After reading our post about the Jewish cemetery restoration project in Gorizia, Italy-Nova Gorica, Slovenia — where the synagogue and Jewish cemetery are separated by an international border — a reader has pointed out that, given how many times borders have been redrawn in Europe, this type of separation is not unique.
Indeed, we have written in the past about the historic Jewish cemetery in Slubice, Poland — on the border with Germany outside the German town of Frankfurt an der Oder.
There are a number of instances of towns now divided by today’s borders — or towns cut off from their hinterland or suburbs.
We are wondering how many cases there are where the Jewish sites are also divided — synagogues, communal institutions, old ghetto areas on one side, and the Jewish cemetery on the other.
Do you know of such places? Have you visited?
Please let us know in the comments!
Thanks!
4 comments on “Call for information: local Jewish heritage sites separated by borders”

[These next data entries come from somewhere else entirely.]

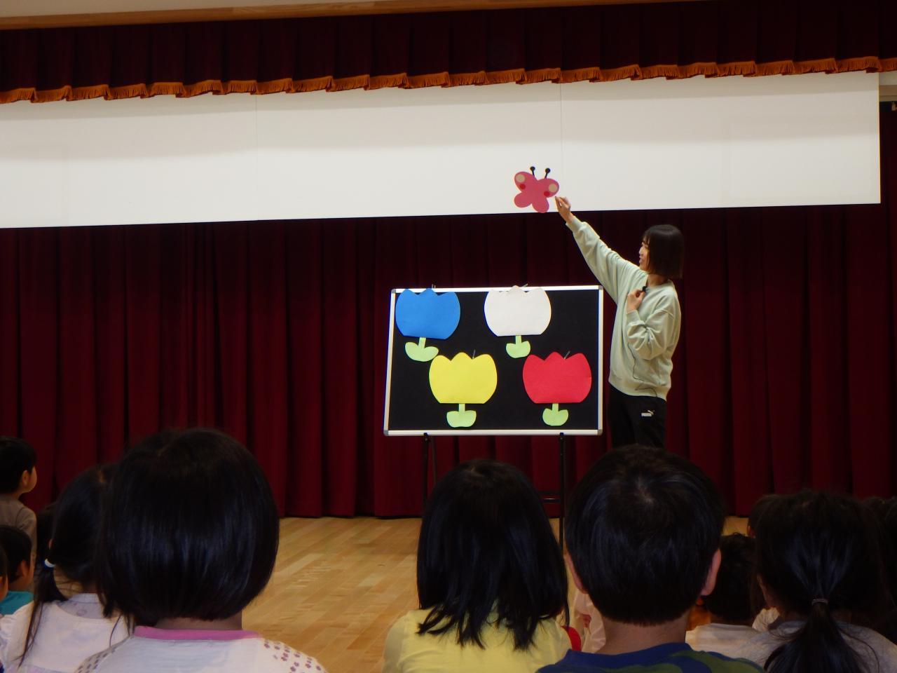 最後に先生からのお楽しみがあり、「へんしんちょうちょう🦋」というお話でした。白いちょうちょうが色々なお花の蜜を吸うと、羽の色がどんどん変わりました。みんな、「次はオレンジ!」「ピンク!」と、自分の好きな色や知っている色々な色を、楽しそうに答えていました。
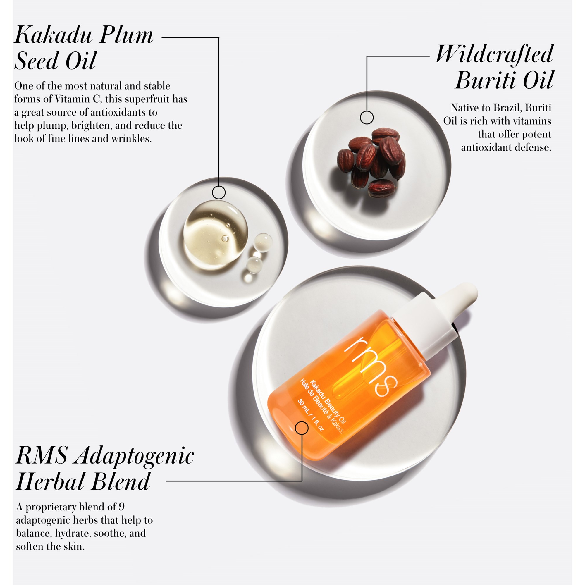 RMS Beauty Kakadu Beauty Oil 10 ml to lekki olejek do twarzy z odżywczymi olejkami, które balansują, chronią i dodają skórze blasku, poprawiając jej strukturę. Szybko się wchłania i jest odpowiedni dla wszystkich rodzajów skóry. Świetnie sprawdza się pod makijaż. Olej z nasion kakadu to najbogatsze i najbardziej stabilne źródło witaminy C, pełne antyoksydantów, które rozjaśniają skórę, dodają jej sprężystości i redukują widoczność drobnych linii i zmarszczek. Olej jojoba balansuje i zmiękcza skórę, a dziko zbierany olej buriti, niezwykle bogaty w beta-karoten, chroni przed wolnymi rodnikami. Adaptogenna mieszanka 9 ziół, w tym lukrecji, kurkumy i nagietka, zmniejsza zaczerwienienia i koi skórę.
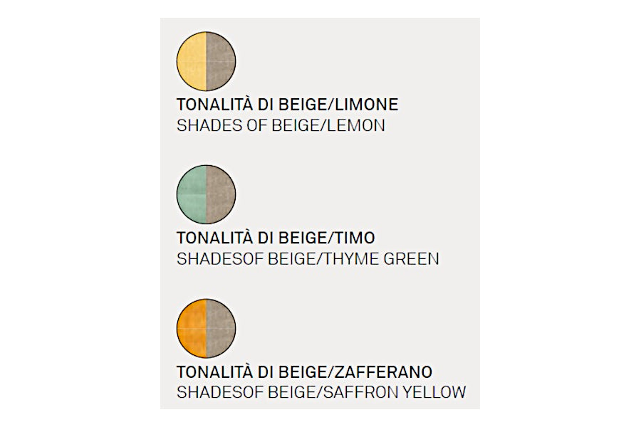 Available in shades of beige / lemon, shades of beige / thyme green, or shades of beige / saffron yellow.
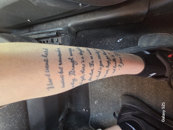 The image displays the lower leg of an individual, likely an adult, situated within the interior of a vehicle in Novo Delchevo, Bulgaria. The bare shin of the leg is extensively tattooed with black, handwritten script, which reads: "I know it seems hard sometimes but remember one thing. Through every dark night, there's a bright after that. So no matter how hard it gets, stick your heel out, keep ya head up and handle it. - 2Pac (R.I.P.)". The individual's foot is clad in a black athletic sock with a white logo visible near the ankle, and a dark-colored athletic shoe with laces and a thick sole. The immediate environment consists of a dark, possibly grey, carpeted floor on the left side of the frame, and a darker, textured plastic or rubber surface on the right. A ribbed pedal, consistent with a vehicle's accelerator or brake pedal, is partially visible at the bottom right. A section of a dark, textured fabric seat is visible in the upper left corner. The scene is illuminated by ambient light.

There is a Jewish cemetery in the Czech Republic near the Austrian border that used to serve some small Jewish communities in Bohemia and Austria. I have some photos but don’t have the village name, it is on the road from Heidenreichstein Austria to Nová Bystřice, “a town in Jindřichův Hradec District, in the South Bohemian Region of the Czech Republic”
Thanks Stan — hope you can remember (or find) the name of the village
Geneva! The cemetery is in France, the city and the community is in Switzerland 😉
Thanks!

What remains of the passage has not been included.